Многие заулыбались, хотя Фангер и Сарканл смотрят с возрастающим подозрением, если варвар мягко стелет, то спать вообще не придется.
Раберс сказал угрюмо:
– Спасибо, спасибо!.. Еще раз спасибо. А теперь, пожалуйста, сядьте и не прерывайте.
– Сейчас сяду, – заверил я. – Я еще и усидчивый! Я это не сказал? Да, я усидчивый. Вот сколько усидел!.. Хотя у нас говорят, что если не можешь усидеть на двух стульях – возьми третий. Но это не намек, не поймите меня как-то не так… Но сейчас хочу выразить осторожнейшее опасение, что конунг Бадия… речь о нем, верно?.. этим удовольствуется.
Раберс вообще-то должен бы настоять, чтобы я сел или покинул зал, но, как истинный демократ, не смог устоять перед напором тоталитаризма и невольно возразил:
– Почему нет? Это его последний шаг!
Я изумился:
– Последний?
За нами следит весь зал, и он сказал раздраженно:
– Ну да. Конунг долго к этому шел, сейчас ему остался только этот шаг. Когда в его руках окажется вся власть, он ощутит, что уже безопасно начинать большое строительство.
Сарканл вставил:
– А нам, собственно, все равно, кто на троне. Лишь бы правитель заботился о своей стране, о ее развитии.
– А король Жильзак Третий не заботится? – спросил я. – Как я заметил, проезжая через королевства, ваше и самое крупное, и самое богатое.
Раберс кивнул, сказал терпеливо:
– Король Жильзак Третий хорош, но он не прыгнет выше головы. Стены городов, увы, его границы. А у конунга границы шире, намного шире… Все земли, по которым кочует его племя, будут отныне в королевстве! Это огромный добавочный рынок сбыта товаров, это дешевая рабочая сила, это возможность привлекать массы народа на грандиозные проекты…
– Это здорово, – сказал я, – просто здорово. Я был бы всеми конечностями «за», но только…
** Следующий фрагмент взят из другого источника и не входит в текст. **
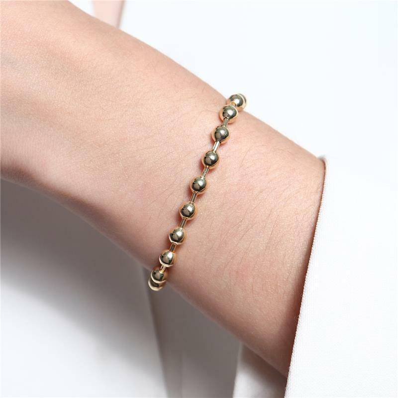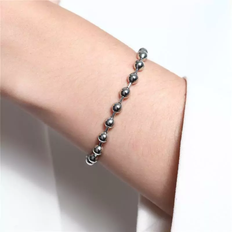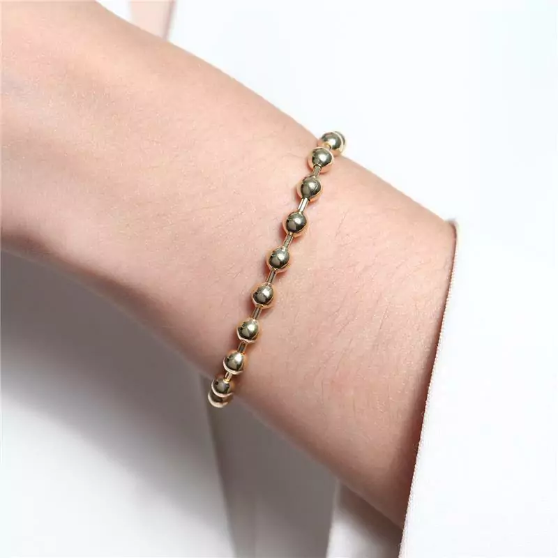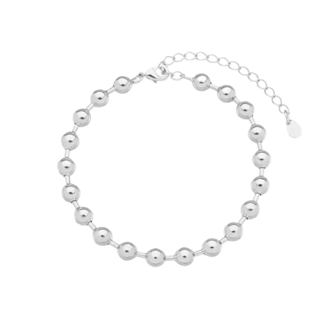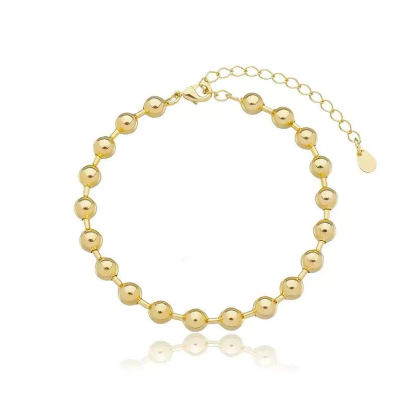 PULSEIRA EM ESFERAS LISAS, VESTE BEM TANTO O PULSO FINO QUANTO O PULSO MAIS LARGO. DISPONÍVEL NO BANHO DE OURO 18K E RÓDIO BRANCO.

Я умолк, быстро сканируя выражения их лиц, а Раберс спросил нетерпеливо:
– Что вам, степному человеку, не нравится?
– Я степной человек, – согласился я, – и как степной, я лучше понимаю другого степного. Степняк степняка… Почему вы решили, что все люди одинаковые? Разве не видите, что у нас, степных людей, другая мораль, другие идеалы, другие ценности?.. Вы на месте конунга сочли бы, что достигли цели, и на этом успокоились бы, начали бы эти свои грандиозные проекты! А конунг?.. Даже если он сам такое восхотел… в смысле воссоединение с глиноедами, его тут же убьют патриотично настроенные полководцы и старейшины – хранители вечных и так далее ценностей! Это предательство национальных интересов племени!..
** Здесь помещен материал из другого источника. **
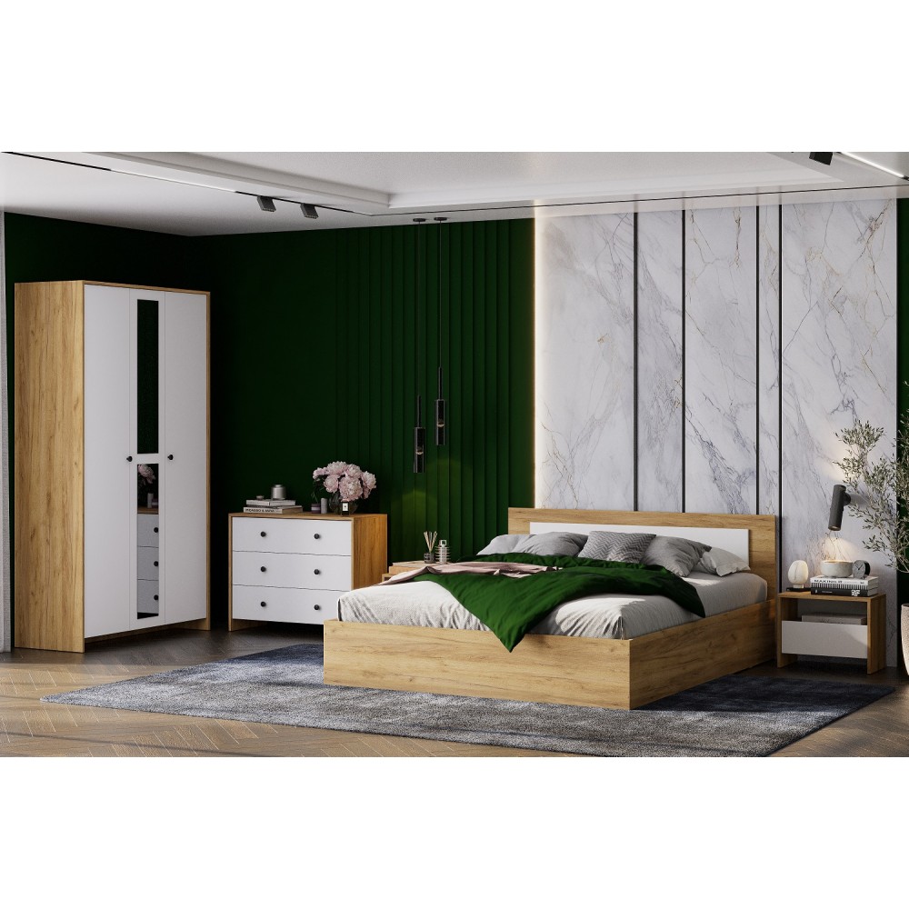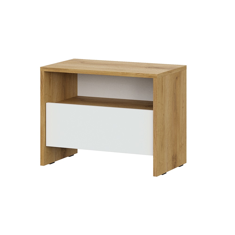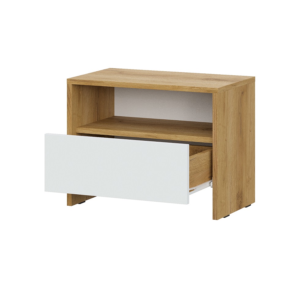 Прикроватная тумба «Дольче» в цвете «дуб золотой» с белыми элементами выполнена в современном стиле. Она имеет выдвижной ящик и открытую нишу для мелочей.

Раберс не успел ответить, его опередил рассерженный моим бесцеремонным вмешательством господин Сарканл:
– А ваш господин Растенгерк и его брат Элькреф?
Я покачал головой.
– Это у вас такие шуточки? Элькреф сразу потерял власть, как только с вожделением посмотрел на женщину из города! Пусть даже принцессу, для нас вы все – глиноеды и низшая раса. Как бы ни жили богато. Защищаясь от тлетворного влияния этого самого богатства, мы выработали философию и даже мировоззрение, простите за грубость, что богатство – зло. И учим этому молодежь. Я вам тут с ходу могу привести сто пословиц и поговорок, что богатство – зло, а бедность – добро. Хотите?
Раберс сказал поспешно:
– Нет-нет.
Иронгейт поддержал:
– Не надо!
А Фангер пропищал:
– Кое-какие мы уже слышали…
– Ну вот, – сказал я, – верите, значит. То же самое и с братом Растенгерка, ярлом Элькрефом. Он жив только потому, что умчался далеко и давно не представляет интереса для племени. Он изгой. Его даже догнать и срубить ему голову – слишком велика честь для изгнанника. А вы думаете, конунг пойдет на то, чтобы его вытолкали из племени или прибили, как Юлиана Отступника?
Глава 2
В огромном зале стало тихо, но доводы мои, кажется, ни при чем. Я видел, как морщатся и явно страстно желают, чтобы я провалился сквозь пол на этаж пониже, а там через подвал еще дальше, на глубину до самого ада.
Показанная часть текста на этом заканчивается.